- **MATERIAL FOR THIS TASK**
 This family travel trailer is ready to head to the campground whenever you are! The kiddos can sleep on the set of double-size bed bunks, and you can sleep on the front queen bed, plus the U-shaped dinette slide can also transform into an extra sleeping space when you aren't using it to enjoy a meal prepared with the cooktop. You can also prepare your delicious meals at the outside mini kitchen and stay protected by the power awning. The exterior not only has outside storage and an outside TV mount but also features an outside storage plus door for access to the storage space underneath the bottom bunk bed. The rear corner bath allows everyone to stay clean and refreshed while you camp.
* * *
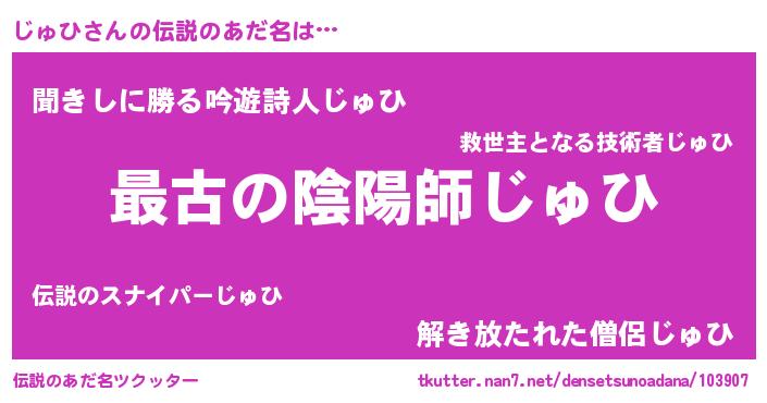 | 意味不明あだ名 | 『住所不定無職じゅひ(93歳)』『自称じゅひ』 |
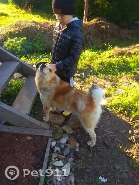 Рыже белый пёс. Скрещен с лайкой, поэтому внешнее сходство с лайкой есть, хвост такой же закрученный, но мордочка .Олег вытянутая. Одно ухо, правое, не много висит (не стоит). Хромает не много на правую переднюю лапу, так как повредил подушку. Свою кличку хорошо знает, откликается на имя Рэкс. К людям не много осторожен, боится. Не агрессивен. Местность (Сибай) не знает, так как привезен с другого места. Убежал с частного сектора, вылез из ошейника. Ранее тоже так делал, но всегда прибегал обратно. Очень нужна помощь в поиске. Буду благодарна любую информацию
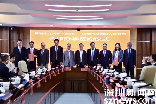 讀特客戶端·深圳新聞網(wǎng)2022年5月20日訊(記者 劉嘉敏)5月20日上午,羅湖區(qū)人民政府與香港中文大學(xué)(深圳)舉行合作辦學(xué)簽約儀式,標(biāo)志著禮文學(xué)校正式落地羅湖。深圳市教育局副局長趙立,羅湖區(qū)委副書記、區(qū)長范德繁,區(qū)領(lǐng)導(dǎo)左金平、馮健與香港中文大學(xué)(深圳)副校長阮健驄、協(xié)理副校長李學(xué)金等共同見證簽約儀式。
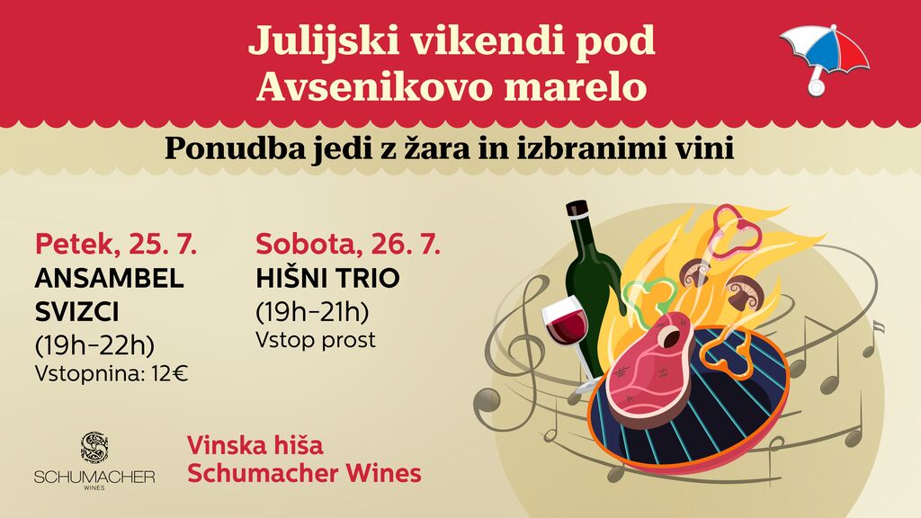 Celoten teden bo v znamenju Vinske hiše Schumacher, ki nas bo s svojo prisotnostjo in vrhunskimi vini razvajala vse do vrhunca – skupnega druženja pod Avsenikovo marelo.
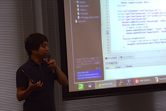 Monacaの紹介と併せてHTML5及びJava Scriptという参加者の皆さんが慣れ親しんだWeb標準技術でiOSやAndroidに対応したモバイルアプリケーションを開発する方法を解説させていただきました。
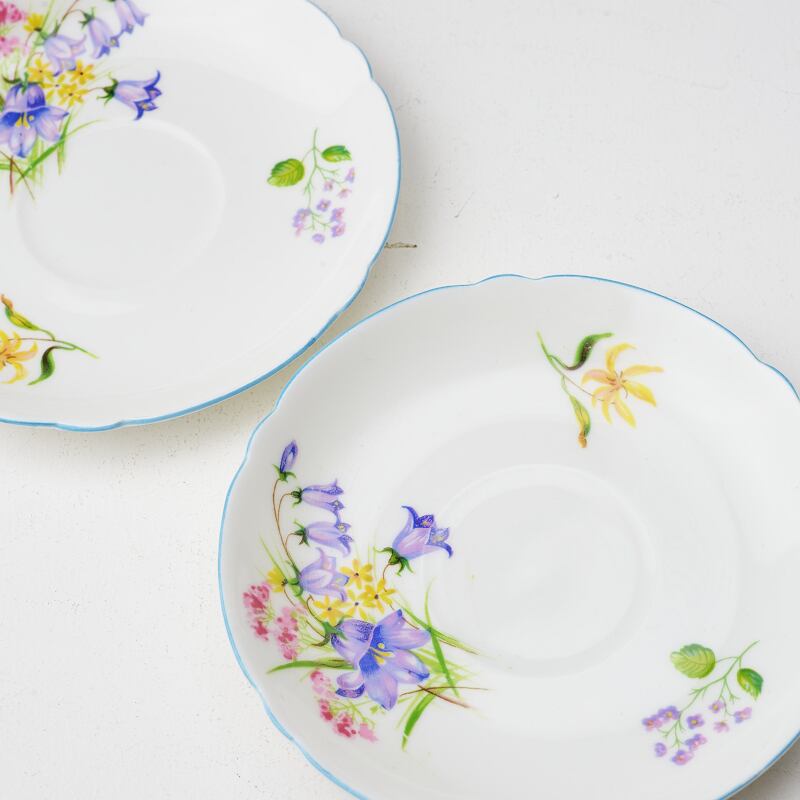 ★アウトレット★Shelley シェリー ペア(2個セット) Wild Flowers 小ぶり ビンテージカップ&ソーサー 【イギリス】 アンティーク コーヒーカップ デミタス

- **ACTION ITEM**
Above are records with pictures. Reproduce exactly only the lines from the line with "意味不明あだ名 | 『住所不定無職じゅひ(93歳)』『自称じゅひ』 |" through the line with "Рыже белый пёс.", both ends included, and leave the pictures out.

- **TASK ANSWER**
 | 意味不明あだ名 | 『住所不定無職じゅひ(93歳)』『自称じゅひ』 |
 Рыже белый пёс. Скрещен с лайкой, поэтому внешнее сходство с лайкой есть, хвост такой же закрученный, но мордочка .Олег вытянутая. Одно ухо, правое, не много висит (не стоит). Хромает не много на правую переднюю лапу, так как повредил подушку. Свою кличку хорошо знает, откликается на имя Рэкс. К людям не много осторожен, боится. Не агрессивен. Местность (Сибай) не знает, так как привезен с другого места. Убежал с частного сектора, вылез из ошейника. Ранее тоже так делал, но всегда прибегал обратно. Очень нужна помощь в поиске. Буду благодарна любую информацию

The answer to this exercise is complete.